# Onkyo Integra A-8250 linker Kanal defekt?



## Bier (11. Dezember 2012)

N Abend zusammen.
Habe vorhin mal aus Spaß meinen über 20 Jahre alten Verstärker ausm Keller geholt.
Nur musste ich leider feststellen, dass der linke Kanal deutlich leiser ist und kratzt (sowohl A als auch B).
Als ich dan vorsichtig etwas lauter gedreht habe wurde das kratzen erst lauter, bis es auf enimal verschwand. Der Lautstärkeunterschied ist ebenfalls verschwunden. Als ich dann nochmal lauter gedreht hab, kam das kratzen beim drehen wieder, verschwand aber auch ab einer gewissen lautstärke wieder.
Sprich: Wenn man ihn einmal laut genug aufgedreht hat, kratzt er nicht mehr bei den Lautstärken, die man schon durchhatte (man kann also wieder runter auf Null drehen und wieder hoch, ohne dass es kratzt, nur den A, B, A+B Schalter darf man nicht benutzen). Wenn man aber noch lauter drehen will, muss man erst wieder am kratzen vorbei.
Hat einer ne Ahnung woran das liegen kann und wie ich es evtl. beheben kann?


----------



## Herbboy (12. Dezember 2012)

SO was ähnliches hat mein alter Verstärker auch, aber nicht so krass wie bei Dir. Bei mir gab es manchmal bei Filmen ein "knarzen" bei Basstönen, teils auch nur alle 2 Wochen mal, aber auch mal alle paar Minuten - Volumeregler ein bisschen hoch und wieder runtergedreht, und es war weg.

Vlt ist da nur ein bisschen Korrosion am Regler, der ja AFAIK nen Widerstand steuert, vlt. aber ist auch ein Kondensator oder so nicht mehr okay, "überlädt" sich und erzeugt das ganze - und wenn man ne etwas andere Spannung (Volume) anlegt, normalisiert der sich wieder. Das sind beides nur meine Vermutungen. Wenn Du nen oldschool-Radioladen in der Nähe hast, kann der sich das vlt. mal für nen schmalen Kurs ansehen und genauer sagen, ob man es noch lohnenswert fixen kann.

PS: Boxen hast Du aber schon getauschst, also du bist sicher, dass es am Kanal liegt und nicht an der linken Box selbst?


----------



## dekay55 (12. Dezember 2012)

Könnt der Poti sein der hinüber ist, allerdings was passiert denn wenn du wahlschalter A, B, A+B drückst ? 

Was aber eben auch sein könnte wie Herbboy schon sagte das auch die Kondensatoren hinüber sind, oder allgemein einfach Korrosion dem Teil zugesetzt hat. 

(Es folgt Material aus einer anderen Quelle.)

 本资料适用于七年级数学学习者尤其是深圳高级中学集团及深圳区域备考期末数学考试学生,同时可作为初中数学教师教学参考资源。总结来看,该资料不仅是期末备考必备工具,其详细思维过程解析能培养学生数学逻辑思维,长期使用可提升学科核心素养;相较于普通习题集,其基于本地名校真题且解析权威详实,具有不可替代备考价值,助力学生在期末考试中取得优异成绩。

Merke dir, wenn du nen Verstärker auf dauer killen willst, Lager ihn aufm Dachboden oder im Keller


----------



## Bier (12. Dezember 2012)

An den Boxen liegts nicht, die hab ich jetzt wieder an meinem Yamaha RX-V767 und da läuft alles super.
Wenn ich sie an A angeschlossen hab und der Regler auf A steht und ich am Lautstärkeregler drehe bis alles läuft und dann auf A+B oder auf B und wieder zurück auf A schalte kratzt es erst mal wieder.
Was ist denn mit Kontaktspray? Habe mal gehört, dass man damit irgendwie die Kontakte der Potis einsprühen kann, wenn sie nicht mehr ganz in Ordnung sind.


----------



## dekay55 (12. Dezember 2012)

Niemals NIE kontaktspray benutzen !!! Damit gehts zwar die erste Zeit, aber danach must du in regelmässigen abständen Kontaktspray reinsprühen bis der Poti komplett am arsch ist. Das zeug ist dermassend aggresiv das die Kohlekontakte sich quasi auflösen mit der Zeit. 

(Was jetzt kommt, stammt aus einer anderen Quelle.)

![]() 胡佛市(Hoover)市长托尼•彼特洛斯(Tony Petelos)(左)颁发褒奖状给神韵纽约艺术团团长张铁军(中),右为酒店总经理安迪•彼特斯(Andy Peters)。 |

Allerdings das mit dem AB Wahlschalter klingt dann doch eher danach als wären eher die Kondensatoren platt, denn wenns der Poti wäre, du den nicht bewegst und einmal umschaltest auf B und wieder zurück auf A dürfte rein garnix passieren.


----------



## Bier (12. Dezember 2012)

Mhh.. würd sich das lohnen die auszutauschen oder sind die zu teuer?
Ich benutz das Teil nur wenn ich mal mehrere Lautsprecherpaare brauch, Partys o.ä.
Oder soll ich lieber sehen, dass ich mir bei ebay n neuen gebrauchten für 70-80€ schieße?


----------



## SubLeo (12. Dezember 2012)

Bei einem Gebrauchten wirst du eventuell vor dem gleichen Problem stehen.

Neue Potis und Schalter sind nicht sehr teuer. Die Bauform wird die große Variable sein.

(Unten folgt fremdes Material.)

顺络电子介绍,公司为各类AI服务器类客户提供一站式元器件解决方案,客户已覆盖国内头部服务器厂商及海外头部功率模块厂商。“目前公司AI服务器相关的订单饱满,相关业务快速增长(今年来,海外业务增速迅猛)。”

Auf jeden Fall retten! (meine Meinung)


----------



## Bier (12. Dezember 2012)

JA so wie ich es verstanden hab, müssten ja die Kondensatoren getauscht werden.


----------



## SubLeo (12. Dezember 2012)

Falls die Elkos matsch sein sollten sind diese auch nicht so teuer.
Meistens 2 in der Endstufe selber (um die 2000myF bei um die 40 Volt) plus eventuell die der Stromversorgung.

Bevor du aber den Lötkolben schwingst, würde ich mich erst mal um den Staub kümmern, oder besser um dessen Beseitigung.

Potis mehrmals voll aufdrehen und wieder ganz zurück. Tip: Die Endstufe vorher aus machen, dann gibts kein Stress. 
Alle Schalter mehrmals schalten, nicht wild hin und her, sondern von Schaltstellung zu Schaltstellung.

Eventuell reicht das schon um ein akzeptables Ergebnis zu erreichen.


----------



## Bier (12. Dezember 2012)

Okay das werd ich morgen mal machen. Danke schonmal


----------



## dekay55 (12. Dezember 2012)

SubLeo schrieb:


> Falls die Elkos matsch sein sollten sind diese auch nicht so teuer.
> Meistens 2 in der Endstufe selber (um die 2000myF bei um die 40 Volt) plus eventuell die der Stromversorgung.


 
2000µf ??? Was soll das den für nen Verstärker dann sein, 25watt ? *lach* Ich hab bisher noch keinen einzigen Amp gesehen wo lediglich 2000µf Elkos drinne waren. 
In der regel meist ab 6800µf aufwärts, es schadet allerdings nicht gleich bessere zu nehmen, damit kann man teilweise auch erzielen das er einfach mehr dampf im Tiefton bereich hat, je größer Dimensioniert desto besser, die Volt zahl muss nur passen, und die Elkos solten mindestens den gleichen wert haben wie die originalen. Bei Integra A-8250 sollten es 10000µf Elkos sein. 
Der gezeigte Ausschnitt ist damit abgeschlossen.